**WHAT TO DO**
Reproduce the whole listing below without its pictures, exactly as written.

============

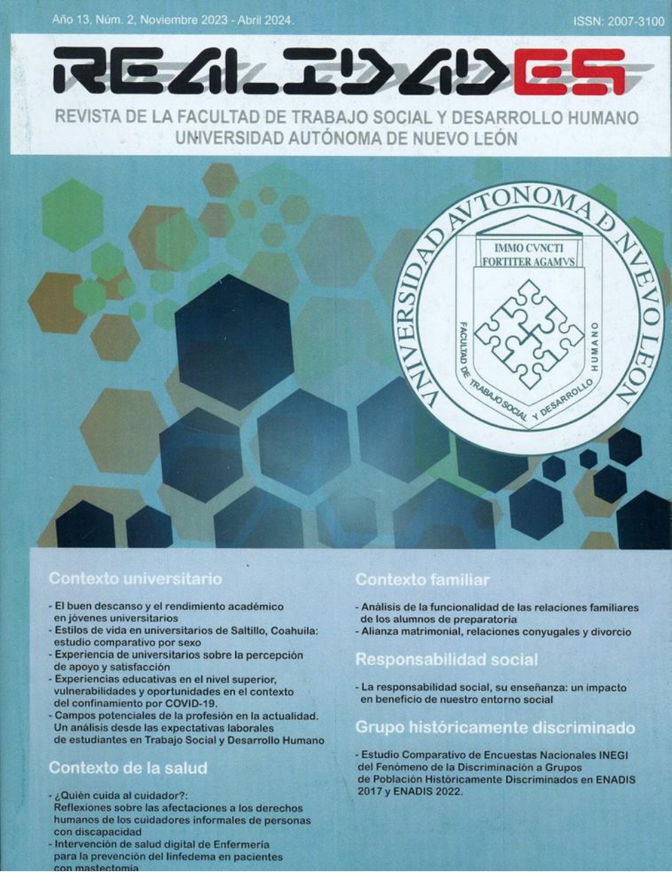 Los/as autores/as que envíen sus artículos para ser evaluados a REALIDADES, ceden los derechos de publicación a la revista, para difusión en formato digital y en versión impresa. Al formar parte de múltiples indexadores, bases de datos y sistemas de referencia, los artículos que sean publicados por REALIDADES se encontrarán visibles y serán descargados también de estos sitios web, indicando, en todos los casos, la autoría de los artículos, la fecha de publicación y el número de la revista al que corresponden. Todos los documentos publicados por REALIDADES pueden descargarse de la página web de la revista: http://realidades.uanl.mx/index.php/realidades/about/editorialPolicies#sectionPolicies y de las bases de datos donde se encuentra indexada.
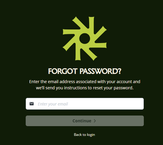 Once you have entered your email address click the Continue button, this will send through a password reset link to your email.
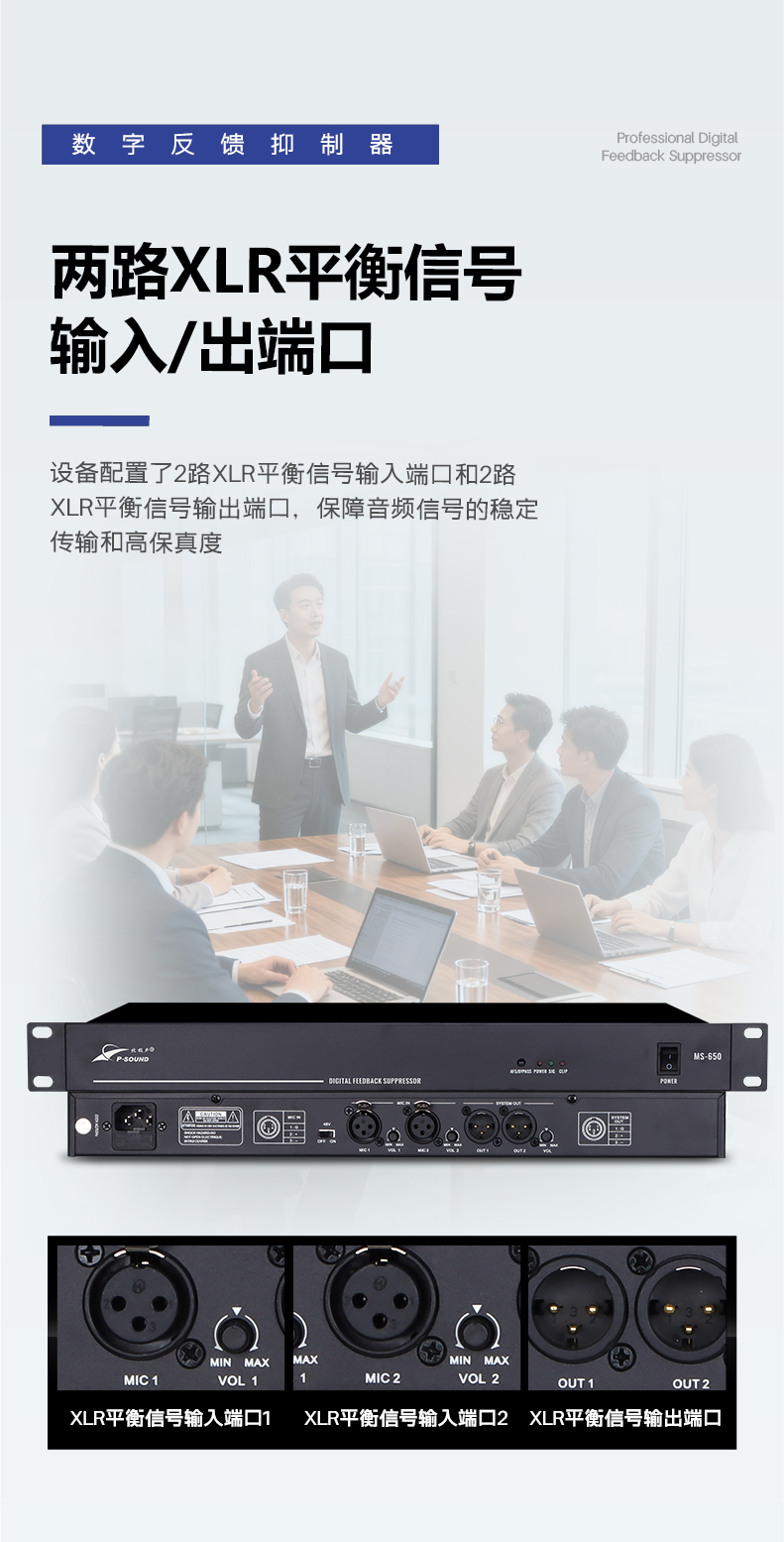 1.设备配置了2路XLR平衡信号输入端口和2路XLR平衡信号输出端口,保障音频信号的稳定传输和高保真度;
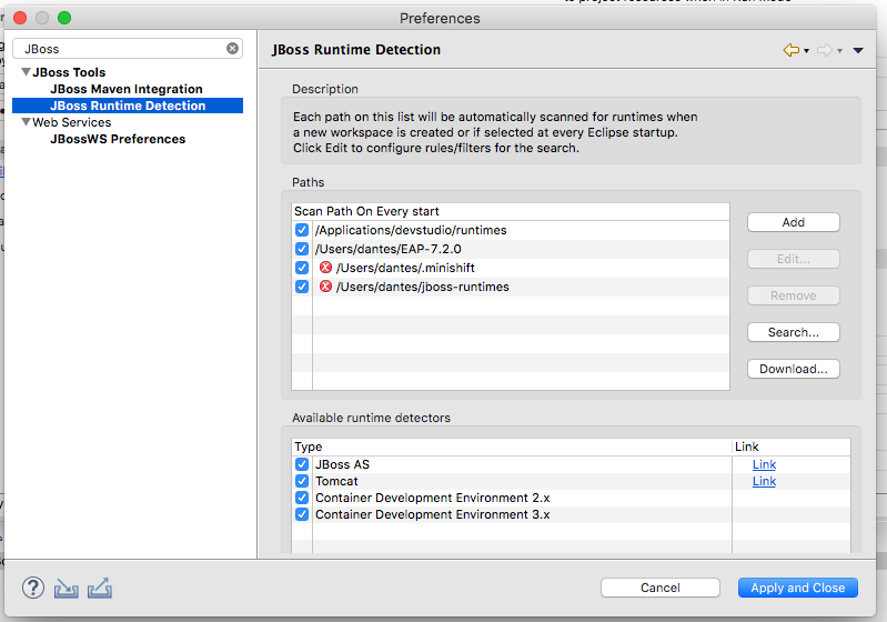다시 환결설정 메뉴에서 'JBoss Tools/JBoss Runtime Detection'을 클릭 후 'Paths' 에서 다운로드 버튼을 누른다.
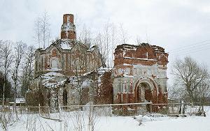 Немногое сохранилось от тех времен: остатки старого парка, да полуразрушенная Тихвинская церковь с частью колокольни. Церковь была построена в первой половине XVIII века, возобновлена в 1775 году и кардинально переделана в духе "национальной" архитектуры в 1864 году. Чуть позже, в 1880-х годах, была пристроена колокольня, сооруженная по проекту С.К.Родионова на средства А.А.Оболенской. Ныне от колокольни остался только первый ярус. Здания сложены из кирпича с применением для отделки белого камня. Несколько перегруженный нарядный декор включает мотивы XVII века. И сейчас выразительная церковь смотрелась еще эффектнее с завершением невысоким стропильным шатром и пощипцовым покрытием граней четверика.В основе композиции - небольшой храм типа "восьмерик на четверике" с отчетливой поперечной осью. Сводчатые перекрытия местами рухнули. Полуподвальная родовая усыпальница под трапезной в основном завалена. Состояние памятника не оставляет никаких надежд... А жаль, места здесь очень красивые. Вниз к реке спускается чудом уцелевшая старая березовая аллея. Бескрайние просторы, речная гладь, заброшенная вотчина могущественных когда-то князей Оболенских...
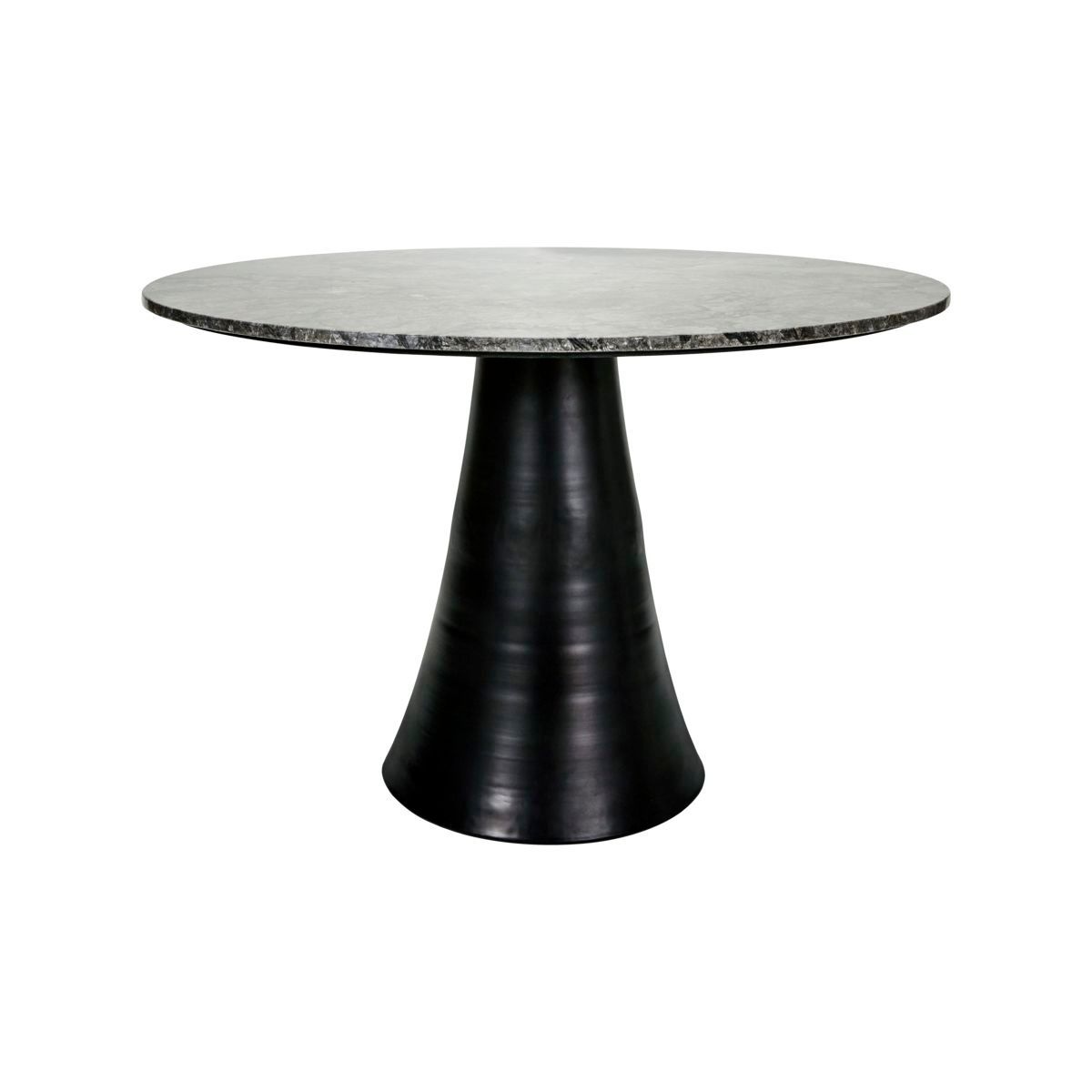 Deze handgemaakte eettafel heeft een bruin gepolijst marmeren tafelblad en een gietijzeren onderstel, wat exclusiviteit, esthetiek en tijdloosheid uitstraalt. De ronde vorm en de zuilondersteuning maken het praktisch voor het plaatsen van maximaal zes personen.
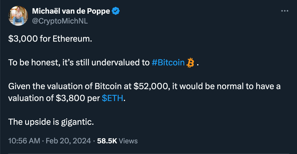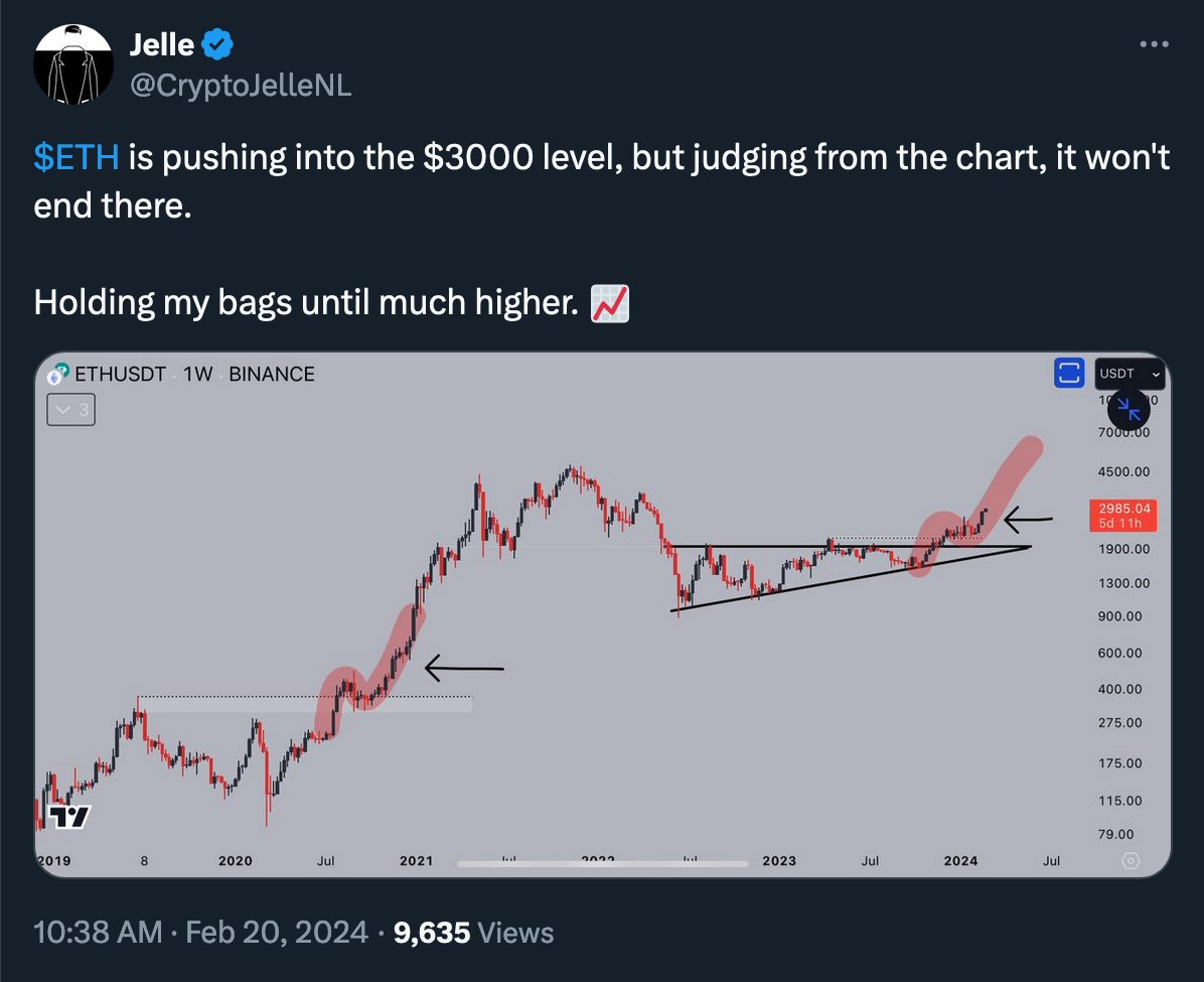 The ether (ETH) surpassed the $3,000 mark for the first time since April 2022 on Tuesday, driven by the market's optimism about the potential approval of the first U.S. spot ETH exchange-traded funds (ETFs).
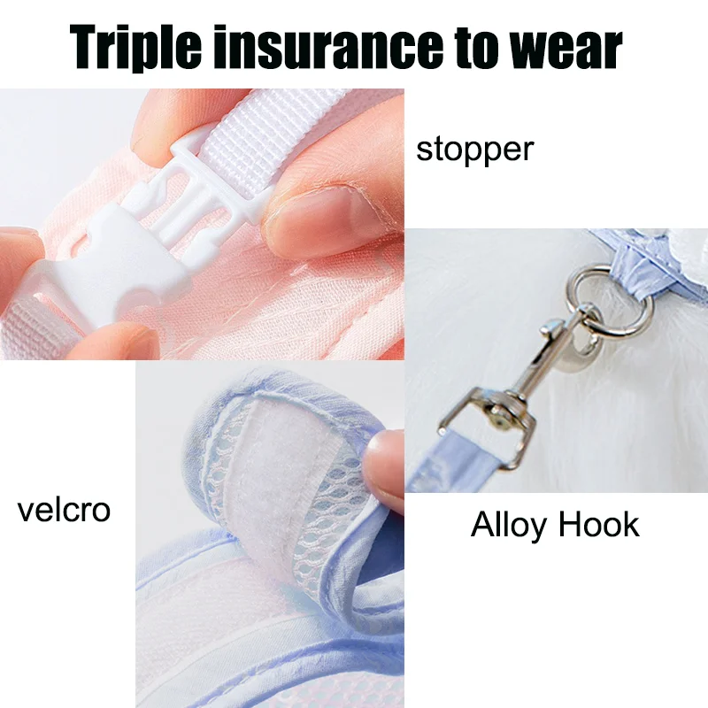 5. Triple resistencia al desgaste: el tapón, el velcro y el gancho de aleación garantizan que el arnés se mantenga seguro, evitando que su mascota se escape.
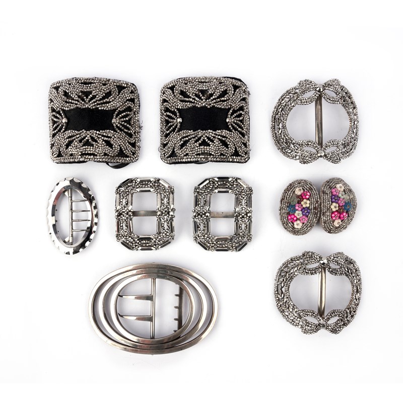 A collection of cut steel shoe buckles, 19th century, comprising: four pairs of buckles and one single buckle in cut steel, one ornamented with floral beads, longest 7.4 x 5.4cm; together with a silver buckle, 9 x 6cm
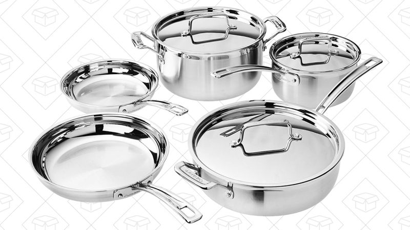 Like All-Clad, all of these pans are built with a tri-ply steel-aluminum-steel construction, which ensures durability, a non-reactive cooking surface, and fast, even heating. This set has pretty much every pan most home chefs need for basic food prep for just $140, but I suspect it will sell out quickly, so don’t let this deal overcook.
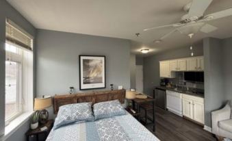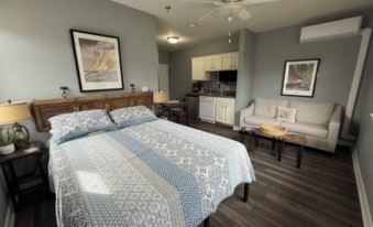 Escape to this spacious little condo at Mariner's Landing Resort at the Pointe, providing room for 2-3. This is an efficiency condo with one room containing a king bed and a full sleeper sofa, with private spacious bathroom with tub. This property showcases a larger space than many of the efficiencies at the resort, as well as a window with a lake view.
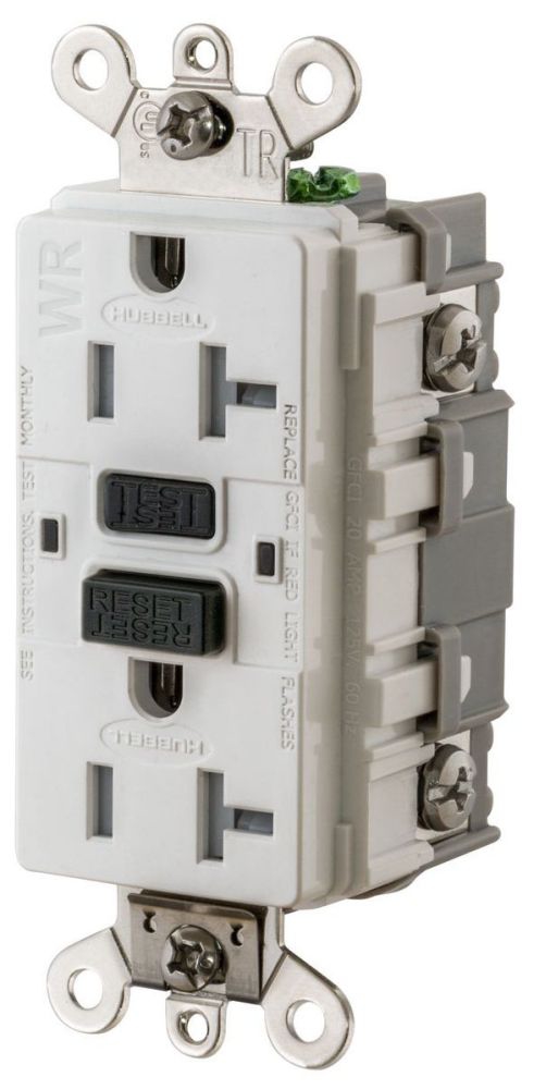 'GFCI Receptacle,20 Amps,NEMA Configuration 5-20R,Outlet Type Duplex,Commercial Grade,Tamper Resistant Yes,Weather Resistant Yes,Outlet Style Decorator,1 HP,Voltage 125,White,LED Yes,Heavy Duty,Number of Poles 2,Number of Wires 3,Reset Type Reset After Trip,Features Self Test,Standards UL Fed Spec & CSA'
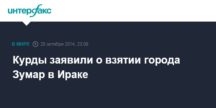 Москва. 25 октября. INTERFAX.RU - Отряды курдских повстанцев заявили о взятии стратегически важного города Зумар на севере Ирака. Об этом вечером в субботу сообщает BBC.
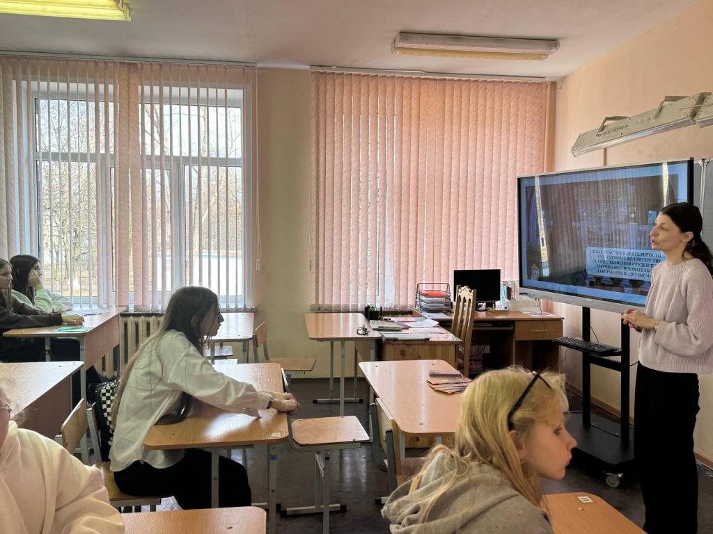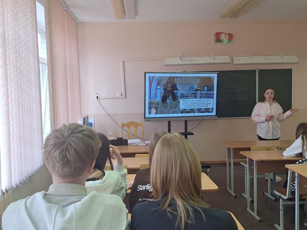25 марта 2026 г. в Гимназии № 36 г. Гомеля им. И. Мележа состоялось профориентационное мероприятие для учащихся 9-11 классов, которое провели старший преподаватель Наталья Викторовна Корникова и члены СНИЛ "Друзья музея". В рамках профориентационной встречи Н.В. Корникова рассказала будущим абитуриентам о специальностях факультета, о возможностях поступления и вступительных испытаниях. Член СНИЛ "Друзья музея" Римашевская Е. рассказала старшеклассникам о проектах студенческой научно-исследовательской лаборатории, связанных с культурным волонтерством и своем личном опыте участия в них.
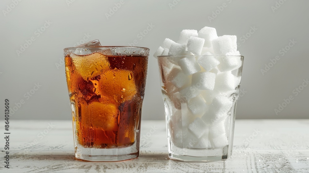 Soft drink in a glass with a mound of sugar cubes next to it, representing the sugar amount, creating a visual health comparison #864013609
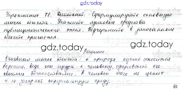На страницах сайта gdz.today вы найдете учебный и вспомогательный материал, направленный на улучшения знаний школьной программы. ГДЗ - онлайн мир знаний Решение. Упражнения 78 Учебнику по Русскому языку для 7 класса Баранов, Ладыженская Просвещение, Просвещение 2015, 2022
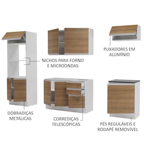 Feita em 100% MDF, possui ferragens de qualidade como puxadores em alumínio, dobradiças metálicas e corrediças telescópicas.
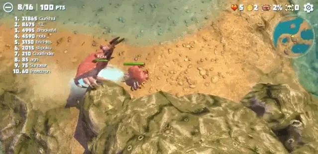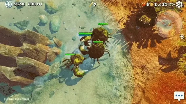 游戏的舞台设定在一座庞大的海岛上,每一局大约会有六十五名玩家加入。所有玩家在开局时,都只是一只毫不起眼的小螃蟹,想要变得更强,最主要的途径就是不断进食。

============

**RESPONSE AREA**
 Los/as autores/as que envíen sus artículos para ser evaluados a REALIDADES, ceden los derechos de publicación a la revista, para difusión en formato digital y en versión impresa. Al formar parte de múltiples indexadores, bases de datos y sistemas de referencia, los artículos que sean publicados por REALIDADES se encontrarán visibles y serán descargados también de estos sitios web, indicando, en todos los casos, la autoría de los artículos, la fecha de publicación y el número de la revista al que corresponden. Todos los documentos publicados por REALIDADES pueden descargarse de la página web de la revista: http://realidades.uanl.mx/index.php/realidades/about/editorialPolicies#sectionPolicies y de las bases de datos donde se encuentra indexada.
 Once you have entered your email address click the Continue button, this will send through a password reset link to your email.
 1.设备配置了2路XLR平衡信号输入端口和2路XLR平衡信号输出端口,保障音频信号的稳定传输和高保真度;
다시 환결설정 메뉴에서 'JBoss Tools/JBoss Runtime Detection'을 클릭 후 'Paths' 에서 다운로드 버튼을 누른다.
 Немногое сохранилось от тех времен: остатки старого парка, да полуразрушенная Тихвинская церковь с частью колокольни. Церковь была построена в первой половине XVIII века, возобновлена в 1775 году и кардинально переделана в духе "национальной" архитектуры в 1864 году. Чуть позже, в 1880-х годах, была пристроена колокольня, сооруженная по проекту С.К.Родионова на средства А.А.Оболенской. Ныне от колокольни остался только первый ярус. Здания сложены из кирпича с применением для отделки белого камня. Несколько перегруженный нарядный декор включает мотивы XVII века. И сейчас выразительная церковь смотрелась еще эффектнее с завершением невысоким стропильным шатром и пощипцовым покрытием граней четверика.В основе композиции - небольшой храм типа "восьмерик на четверике" с отчетливой поперечной осью. Сводчатые перекрытия местами рухнули. Полуподвальная родовая усыпальница под трапезной в основном завалена. Состояние памятника не оставляет никаких надежд... А жаль, места здесь очень красивые. Вниз к реке спускается чудом уцелевшая старая березовая аллея. Бескрайние просторы, речная гладь, заброшенная вотчина могущественных когда-то князей Оболенских...
 Deze handgemaakte eettafel heeft een bruin gepolijst marmeren tafelblad en een gietijzeren onderstel, wat exclusiviteit, esthetiek en tijdloosheid uitstraalt. De ronde vorm en de zuilondersteuning maken het praktisch voor het plaatsen van maximaal zes personen.
 The ether (ETH) surpassed the $3,000 mark for the first time since April 2022 on Tuesday, driven by the market's optimism about the potential approval of the first U.S. spot ETH exchange-traded funds (ETFs).
 5. Triple resistencia al desgaste: el tapón, el velcro y el gancho de aleación garantizan que el arnés se mantenga seguro, evitando que su mascota se escape.
 A collection of cut steel shoe buckles, 19th century, comprising: four pairs of buckles and one single buckle in cut steel, one ornamented with floral beads, longest 7.4 x 5.4cm; together with a silver buckle, 9 x 6cm
 Like All-Clad, all of these pans are built with a tri-ply steel-aluminum-steel construction, which ensures durability, a non-reactive cooking surface, and fast, even heating. This set has pretty much every pan most home chefs need for basic food prep for just $140, but I suspect it will sell out quickly, so don’t let this deal overcook.
 Escape to this spacious little condo at Mariner's Landing Resort at the Pointe, providing room for 2-3. This is an efficiency condo with one room containing a king bed and a full sleeper sofa, with private spacious bathroom with tub. This property showcases a larger space than many of the efficiencies at the resort, as well as a window with a lake view.
 'GFCI Receptacle,20 Amps,NEMA Configuration 5-20R,Outlet Type Duplex,Commercial Grade,Tamper Resistant Yes,Weather Resistant Yes,Outlet Style Decorator,1 HP,Voltage 125,White,LED Yes,Heavy Duty,Number of Poles 2,Number of Wires 3,Reset Type Reset After Trip,Features Self Test,Standards UL Fed Spec & CSA'
 Москва. 25 октября. INTERFAX.RU - Отряды курдских повстанцев заявили о взятии стратегически важного города Зумар на севере Ирака. Об этом вечером в субботу сообщает BBC.
25 марта 2026 г. в Гимназии № 36 г. Гомеля им. И. Мележа состоялось профориентационное мероприятие для учащихся 9-11 классов, которое провели старший преподаватель Наталья Викторовна Корникова и члены СНИЛ "Друзья музея". В рамках профориентационной встречи Н.В. Корникова рассказала будущим абитуриентам о специальностях факультета, о возможностях поступления и вступительных испытаниях. Член СНИЛ "Друзья музея" Римашевская Е. рассказала старшеклассникам о проектах студенческой научно-исследовательской лаборатории, связанных с культурным волонтерством и своем личном опыте участия в них.
 Soft drink in a glass with a mound of sugar cubes next to it, representing the sugar amount, creating a visual health comparison #864013609
На страницах сайта gdz.today вы найдете учебный и вспомогательный материал, направленный на улучшения знаний школьной программы. ГДЗ - онлайн мир знаний Решение. Упражнения 78 Учебнику по Русскому языку для 7 класса Баранов, Ладыженская Просвещение, Просвещение 2015, 2022
 Feita em 100% MDF, possui ferragens de qualidade como puxadores em alumínio, dobradiças metálicas e corrediças telescópicas.
 游戏的舞台设定在一座庞大的海岛上,每一局大约会有六十五名玩家加入。所有玩家在开局时,都只是一只毫不起眼的小螃蟹,想要变得更强,最主要的途径就是不断进食。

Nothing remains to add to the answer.